Your Root System


Dancing Buds, Sterling Silver Earrings by Stacie Florer 2017

And the day came when the risk to remain tight in a bud was more painful than the risk it took to blossom. Elizabeth Appell

As I look out my window, I see OLD trees starting to form buds in anticipation of longer, sun-lit days and warmer weather.

It occurred to me that those trees, at least most of them, have been around longer than I have; yet, they still produce buds every year, with the promise of blossoming.

It isn’t about endurance. I believe its more about trust. Trusting in the wisdom of the seasons, and that just because one year passes, doesn’t mean that the season to blossom is permanently over.

Our culture perpetuates this myth that blossoming is only for the young. But nature insists that blossoming happens when the right environmental conditions are met, regardless of age.

Ahh…isn’t that wonderful to contemplate? Just a little turn of the mind…a bit of noticing about the reality that just IS when we slow down enough to really notice our lives and our place in the natural process of living.

I have a scraggly lavender plant that I have been trying to keep alive inside my home while winter gives way to spring.
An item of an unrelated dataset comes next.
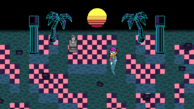The Vapor Cave is a secret area located in Animus. This secret room is only accessible if the player’s clock reaches 20:08. When this happens, a bridge of lily pads will appear, allowing the player to walk to the other side of the lake. Once there, the player can step into the mushroom ring to enter. Exiting the Vapor Cave can be accomplished by stepping into the sunset on the back wall.

The environmental conditions are absolutely terrible for it…no sun as my house is rather dark; no wind to strengthen her so I lightly stroke her leaves whenever I pass by on my way out the door. I can give her warmth; I can pretend there is wind, but I can’t possibly replicate the natural environment she needs to thrive and grow.

I am just giving her enough to stay alive, but her potential is on hold. The way she looks reminds me of how I feel when my environment is not allowing me to thrive.

Do you know what your particular environment must be to bud, unfurl and lean towards the light?

Forming your root system
For this stage in my life, I knew a few years ago that I needed a stable, physical place to form my foundation. After living on the wind, a home was now necessary for me to put down a root system. I was ready to land.

For many, many years, I lived like the annual. I had a shallow root system, and most of my energy was being put into seeding those I came into contact with new ideas that were potentially mutative for them.

While I was ‘on the move’, I befriended so many that were in places of transition. Energetically, this pattern of acquiring experiences with people that were undergoing tremendous change kept repeating itself. I noticed it, and took note.

Our friendships bloomed so quickly…a great sudden burst of energy! I loved it! But either I would move or they would move..and the great thrust of pent up energy was gone again.

For the time, it was correct for me to live like that.

But when it was time for me to change my environment, I felt it in a very deep way. I couldn’t seem to replenish myself for the energy needed to keep producing those seeds from shallow roots. Instinctively, I knew it was time to work on my own root system.

Over the last year or so, I have used my energy in a much different way. It is so much slower than before!

I met a few people my first year..mostly those in my neighborhood. Close to my rooting system…I didn’t venture out that far from where I was most needed energetically. Although many of my friends and family did visit us…and that was quite novel!

As those people in my life that have been so important to me while I was on the wind traveled through, I watched where they wanted to congregate for communion in my home.

In those areas, I have developed the environment to help support conversations and closeness. I am using gorgeous crystals from my home state of Arkansas to help amplify those areas energetically as well as choosing paint colors to promote warmth, security and safety.

Where they sleep while here, I have lovingly attended to developing a cozy place for them to rest and recover.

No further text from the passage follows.